··· Materials provided
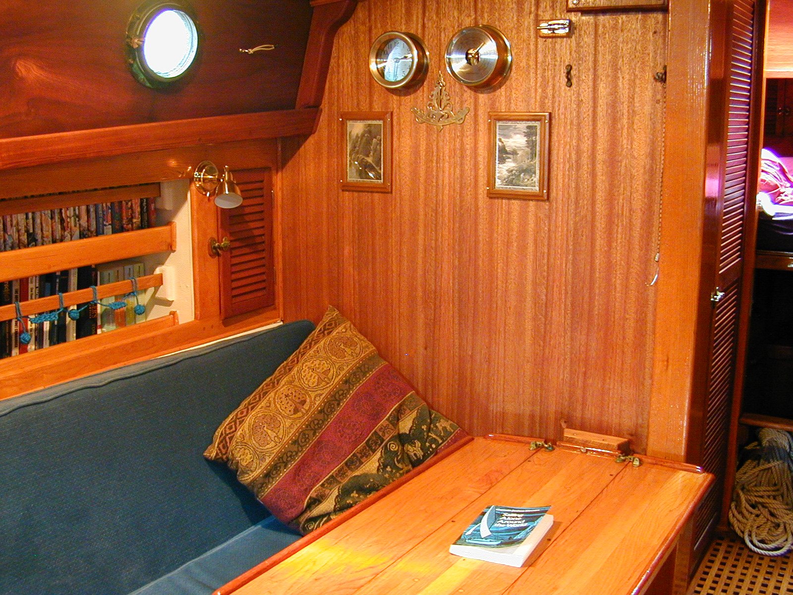 Port side of the salon, looking forward My clock and barometer on the wall; a couple of shelves of books behind. The neat little lamp on the wall is a halogen, and gives tons of light for reading (there's a ceiling light above). The book, by the way, is "Sailing Alone Around the World", by Captain Joshua Slocum, 1900.
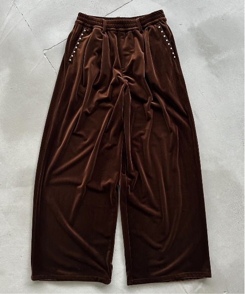 ------------------------------------------------------【Perushu/ ペルーシュ】毎週(木)に新作をリリース新作情報はInstagram、TIKTOK公式アカウントからチェック!↓【@perushu_official】------------------------------------------------------ベロア特有の光沢感と滑らかな肌触りが魅力のベロアスタッズワイドパンツ。リラックス感のあるワイドシルエットに、サイドポケットとバックポケットへ施したメタルスタッズがアクセントとなり、シンプルながら存在感ある一本に仕上がっています。ウエストはゴム+ベルトループ仕様で、快適な穿き心地とスタイリングの幅を両立。秋冬シーズンに映える深みのあるカラーバリエーション(バーガンディ・ブラック・ブラウン)をラインナップし、ストリートからモードまで幅広いコーディネートに対応します。ナップサックなどのカジュアルなアイテムからヘンリーネック、ジップパーカー、ダックジャケット、ニットポロなどテイストレスで合わせていただけます。プレゼントやデートにも◎年末年始のお出かけにもぴったり!ーーーーーーーーーーーーーーーー透け感:なし裏地:なし伸縮性:なし光沢感:なし生地の厚さ:普通ーーーーーーーーーーーーーーーー-推奨サイズ-S…~165cmM…~169cmL…170 cm~-Perushuブランドコンセプト-韓国ストリートからインスパイアされたWEB限定ブランド!アート、レトロ、ユニーク、トレンドなどをテーマにグラフィックアイテムを中心に展開しています!※サイト上のカラー名と、お届け商品に記載されているカラー名が異なる場合がございます。※ご覧いただく環境により、実物と色味が異なって見える場合がございます。ご了承ください。【お買い物をよりお楽しみいただくために】▼商品のお気に入り登録(ハートマークをクリック)完売カラーの再入荷通知や、ラスト1点の通知、セールの通知も受けることができます。▼ブランドのお気に入り登録新商品や再入荷など、いち早くブランドのお得な情報を受け取ることができます。
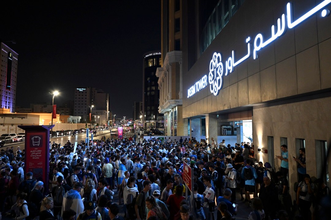 Los hinchas se autoconvocaron en el lugar desde las 19:30 hora local (13:30 de Argentina) para que la dirigencia resuelva la situación de más de 1.000 argentinos que no disponen localidades para asistir a la gran definición del domingo con Francia en el Estadio Lusail, cuya capacidad es de 88.966.
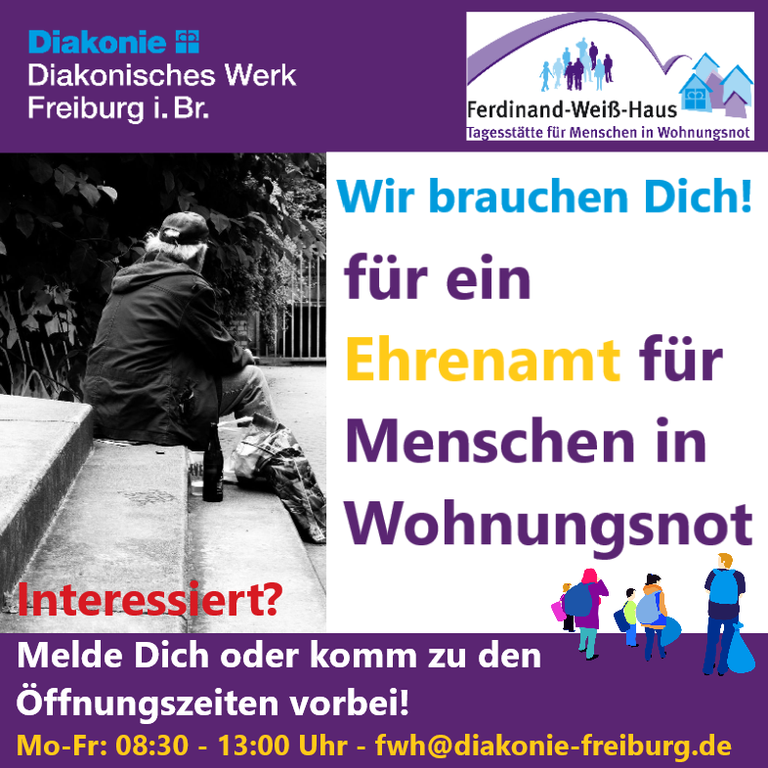 Das Ferdinand-Weiß-Haus ist eine Tagesstätte für Menschen in Wohnungsnot. Wir suchen offene Menschen, mit einem respektvollen Umgang, Wertschätzung und Interesse für andere Lebensentwürfe.
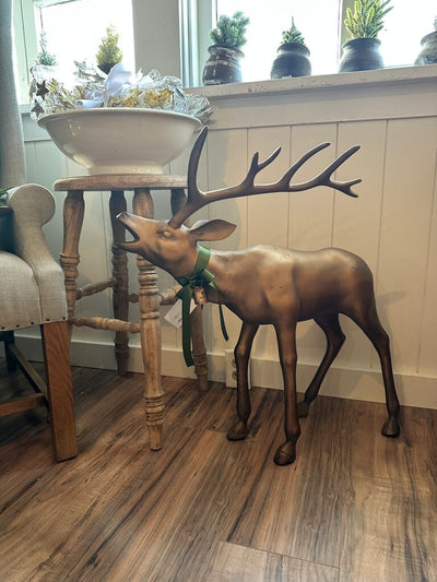 WOOD AND BRASS DEER 9.5"T x 8"W
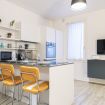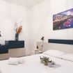 L'ampia area giorno è uno spazio luminoso e accogliente, arricchito da una cucina a vista moderna e completamente attrezzata, ideale per soddisfare ogni tua passione culinaria. La smart TV, il divano comodo e il letto matrimoniale con angolo studio creano un ambiente multifunzionale e raffinato.
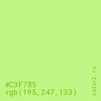 Цвет #C3F785 в цветовой модели RGB обозначается тремя октетами (195, 247, 133) в десятичном формате и #C3F785 в шестнадцатиричном (hex) формате, которые являются интенсивностью красного 195 (hex C3), интенсивность зелёного 247 (hex F7) и интенсивность синего 133 (hex 85).
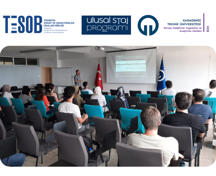 KTÜ Kariyer Geliştirme Uygulama ve Araştırma Merkezi ile Trabzon Esnaf ve Sanatkarlar Odaları Birliği’nin (TESOB) düzenlediği T.C. Cumhurbaşkanlığı “Staj Seferberliği Programı” kapsamında KTÜ’de staj yapan öğrencilere TESOB Eğitim Müdürü Erhan EROĞLU tarafından “AB Kosgeb Kalkınma Ajansı Projelerinde Yer Alabilme Fırsatları ve Bilgilendirme ” konulu eğitim 11 Ağustos 2022 tarihinde KTÜ Kariyer Merkezi Seminer Salonu’nda gerçekleştirildi. Etkinlik öğrencilerden gelen soruların cevaplandırılmasıyla sonlandırıldı.
······
- **Problem requirements**: Please give the entries above again exactly as written, leaving out any pictures.

- **Response area**:
 Port side of the salon, looking forward My clock and barometer on the wall; a couple of shelves of books behind. The neat little lamp on the wall is a halogen, and gives tons of light for reading (there's a ceiling light above). The book, by the way, is "Sailing Alone Around the World", by Captain Joshua Slocum, 1900.
 ------------------------------------------------------【Perushu/ ペルーシュ】毎週(木)に新作をリリース新作情報はInstagram、TIKTOK公式アカウントからチェック!↓【@perushu_official】------------------------------------------------------ベロア特有の光沢感と滑らかな肌触りが魅力のベロアスタッズワイドパンツ。リラックス感のあるワイドシルエットに、サイドポケットとバックポケットへ施したメタルスタッズがアクセントとなり、シンプルながら存在感ある一本に仕上がっています。ウエストはゴム+ベルトループ仕様で、快適な穿き心地とスタイリングの幅を両立。秋冬シーズンに映える深みのあるカラーバリエーション(バーガンディ・ブラック・ブラウン)をラインナップし、ストリートからモードまで幅広いコーディネートに対応します。ナップサックなどのカジュアルなアイテムからヘンリーネック、ジップパーカー、ダックジャケット、ニットポロなどテイストレスで合わせていただけます。プレゼントやデートにも◎年末年始のお出かけにもぴったり!ーーーーーーーーーーーーーーーー透け感:なし裏地:なし伸縮性:なし光沢感:なし生地の厚さ:普通ーーーーーーーーーーーーーーーー-推奨サイズ-S…~165cmM…~169cmL…170 cm~-Perushuブランドコンセプト-韓国ストリートからインスパイアされたWEB限定ブランド!アート、レトロ、ユニーク、トレンドなどをテーマにグラフィックアイテムを中心に展開しています!※サイト上のカラー名と、お届け商品に記載されているカラー名が異なる場合がございます。※ご覧いただく環境により、実物と色味が異なって見える場合がございます。ご了承ください。【お買い物をよりお楽しみいただくために】▼商品のお気に入り登録(ハートマークをクリック)完売カラーの再入荷通知や、ラスト1点の通知、セールの通知も受けることができます。▼ブランドのお気に入り登録新商品や再入荷など、いち早くブランドのお得な情報を受け取ることができます。
 Los hinchas se autoconvocaron en el lugar desde las 19:30 hora local (13:30 de Argentina) para que la dirigencia resuelva la situación de más de 1.000 argentinos que no disponen localidades para asistir a la gran definición del domingo con Francia en el Estadio Lusail, cuya capacidad es de 88.966.
 Das Ferdinand-Weiß-Haus ist eine Tagesstätte für Menschen in Wohnungsnot. Wir suchen offene Menschen, mit einem respektvollen Umgang, Wertschätzung und Interesse für andere Lebensentwürfe.
 WOOD AND BRASS DEER 9.5"T x 8"W
 L'ampia area giorno è uno spazio luminoso e accogliente, arricchito da una cucina a vista moderna e completamente attrezzata, ideale per soddisfare ogni tua passione culinaria. La smart TV, il divano comodo e il letto matrimoniale con angolo studio creano un ambiente multifunzionale e raffinato.
 Цвет #C3F785 в цветовой модели RGB обозначается тремя октетами (195, 247, 133) в десятичном формате и #C3F785 в шестнадцатиричном (hex) формате, которые являются интенсивностью красного 195 (hex C3), интенсивность зелёного 247 (hex F7) и интенсивность синего 133 (hex 85).
 KTÜ Kariyer Geliştirme Uygulama ve Araştırma Merkezi ile Trabzon Esnaf ve Sanatkarlar Odaları Birliği’nin (TESOB) düzenlediği T.C. Cumhurbaşkanlığı “Staj Seferberliği Programı” kapsamında KTÜ’de staj yapan öğrencilere TESOB Eğitim Müdürü Erhan EROĞLU tarafından “AB Kosgeb Kalkınma Ajansı Projelerinde Yer Alabilme Fırsatları ve Bilgilendirme ” konulu eğitim 11 Ağustos 2022 tarihinde KTÜ Kariyer Merkezi Seminer Salonu’nda gerçekleştirildi. Etkinlik öğrencilerden gelen soruların cevaplandırılmasıyla sonlandırıldı.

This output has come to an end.